May 28, 2010

where am i?

finally, an update! well first off, i no longer live in bishop and i no longer work. so i can scratch that off the subtitle in my blog title.

i also no longer have a place i call home. however, i have been able to call various places my home in the past few months. first, the dirt parking lot of moe's valley in st. george utah... then on the side of the road near weird creepy oil rig pumpy things at joe's valley... and finally creek pasture campground in indian creek. creek pasture was home for a while, enough time to move into and out of three different campsites. Also enough time to get psyched on the creek and finally bored of the creek, "over it" so to speak. well, at least for this season. my body couldn't take it anymore and alas motivation was very low, so where did i end up as soon as i packed up my sandy life? colorado of course. just a few miles to the east and i'm spending quality time with my sunshine monkey (sunny sawyer).

no, unfortunately i did not get to do any climbing. rain and snow were quite bountiful. but i did get my fill of life in the big bad extreeemeee! city of boulder, co. and after about 24 hours i was again "over it." i'll have to give boulder a second chance (come july) but this particular trip was focused on checking out the climbing scene, going shopping at whole foods (i wandered the place for at least two hours) and talking about life in my car with sunny as (ironically) snow and clouds covered us. finally, after my fill of urbanism i left to gleefully and swiftly enter the midwest. culture shock? yes. uncomfortable staring at my asian-ness and caifornia plates? yes. quality time spent with kenyon? yes.

a whole month came and went and so did kenyon, to south africa that is. i considered going but quickly remembered that i initially left bishop to savor solitude and explore THIS country. at times i regret this decision but it is one that i made and can not change. i found a goat farm in new mexico and instantly clicked with the owner of the farm. the interaction and prospect of opportunity presented itself so well i could not pass up the offer... and most importantly i had something to focus on! i had been missing that so dearly and to know that i am actually doing something that i had hoped for when i planned this trip is very gratifying. simply said... milking these goats, eating their bounty and living amongst their junipers will be great. GREAT!

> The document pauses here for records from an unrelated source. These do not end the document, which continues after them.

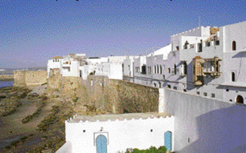
Asila (foto) se encuentra a pocos km de Tánger. Si tienes tiempo, entra en un restaurante y pide baisara , un tazón de puré de guisantes secos aderezado con comino y un chorreón de aceite.

occidentales. Otra excursión que puede hacerse es al Cabo Malabata , la carretera que bordea la costa hasta Ceuta está llena de calas desiertas. Tetuán no tiene mar, ni falta que le hace, para eso tiene al lado Restinga . Ued Lahu , a 40 kilómetros al Oeste, es un pueblo costero que se está poniendo de moda. En Castillejo hay un animado zoco que da a una playa de arena blanca.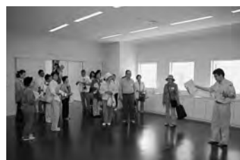
6月29日に行われた施設見学会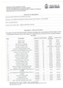
ORÇAMENTO PREF STA MARIA.jpg 265K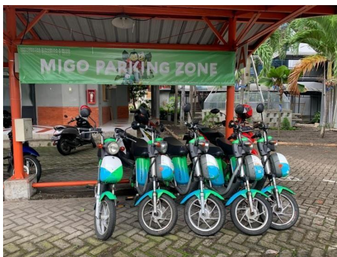
Gambar 2.4 & 2.5 Foto maskot yang bekerja sama dengan migo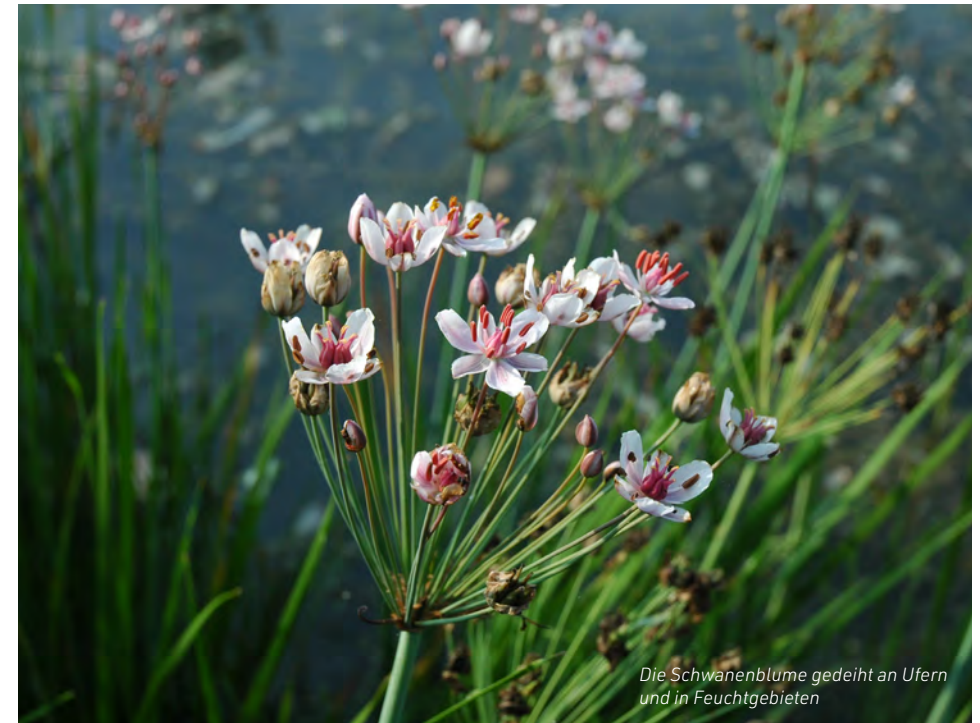
Die Schwanenblume gedeiht an Ufern und in Feuchtgebieten

Michael Hohla: „Das Innviertel. Landschaft & Pflanzen“, erhältlich in kleinen Buchhandlungen des Innviertels; www.michaelhohla.wordpress.com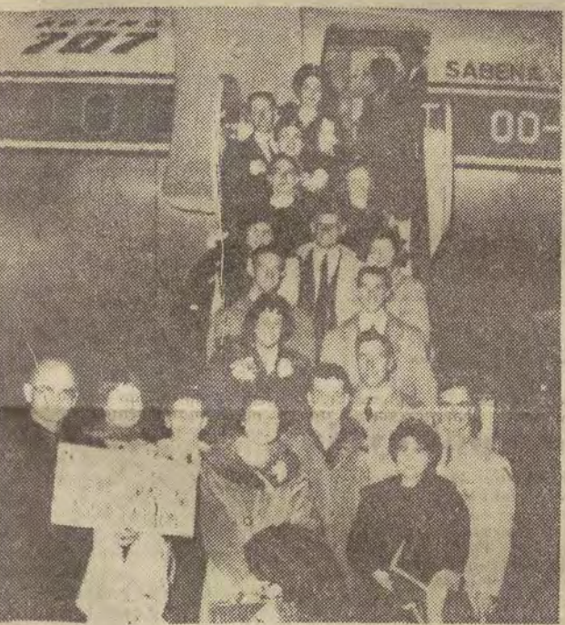
Ekipa amerykańskich lyżwiarzy figurowych na lodzie na chwilę przed odlotem z Nowego Jorku 14 bm. na mistrzostwa świata w Pradze. Jak wiadomo, zginęli oni wszyscy w katastrofie lotniczej nad Brukselą.

J a, wie pan, nie lubię jazdy po ciągach. Wole samochodem. I tylko dlatego, że oddałbym teraz wóz do remontu... — Czy to się panu opłaca? — Oczywiście, kalkulacja jest prosta. „Mój” pali dziesięć na sto. Za liter benzyny płacę 3 złote... — Jak to, przecież oficjalnie cena jest wyższa? — Owszem, owszem. Tylko, widzi pan, z benzyną to u nas bywa tak... W tym miejscu zażywny przeciwnik podróży kolejowej zniżył głos. Do dalszych miejsc dobiegły tylko strzępki rozmowy, tłumionej przez monotony stukot kół rozpedzonego pociągu.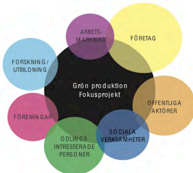
Figur 2: Indelning av övergripande aktörsanalys

Kartläggning skedde först genom en omfattande inventering av vilka offentliga, privata och ideella aktörer och projekt som verkar i och omkring Göteborg i frågan. Detta resulterade i att en aktörskarta togs fram. Denna bearbetades under den första workshoppen tillsammans med de inbjudna aktörerna. Övergripande bild av denna aktörskarta, se figur 2 nedan.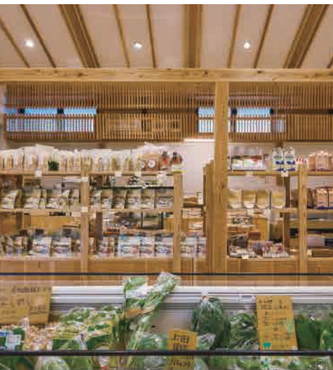
新鮮な野菜や地元の加工品、鹿児島ならではの特産品が豊富

「西郷どんの宿」で歴史散策を楽しんだ後は、敷地内にあるレストラン「日当山無垢食堂」と物産館へ。ここは霧島の「食」の豊かさを五感で楽しめるスポットです。 地元客も多く訪れる、レストラン「日当山無垢食堂」のランチは、体に嬉しい「汁三菜」スタイル。その日の気分に合わせて献立をカスタマイズできるのも、嬉しいポイント。メイン料理は3種類から、副菜も数種類ある中から好きなものを選びます。ずらりと並んだ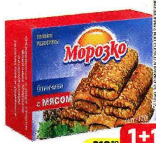
Блины МОРОЗКО , С мясом, 420 г

*Цена за единицу товара при единичной покупке 2 одинаковых акционных товаров

it smells of rain and as i turn around in the coffee shop to look out the window i see glistening streets and rain gently falling. (there goes my plans of evening bouldering). instead i guess i will run. read. eat and sleep. stretch and if it rains hard enough take a shower.

a few paragraphs later i remember that i was supposed to write in my blog about loneliness. i sat amongst some deliciously smelling pine trees this morning and mused about my loneliness and solitude, and out of my fingers came a pretty insightful essay. i guess i will copy it out another day. a few more days of being alone should add a bit more meat to my thoughts. and so i conclude... peace love and happiness to all!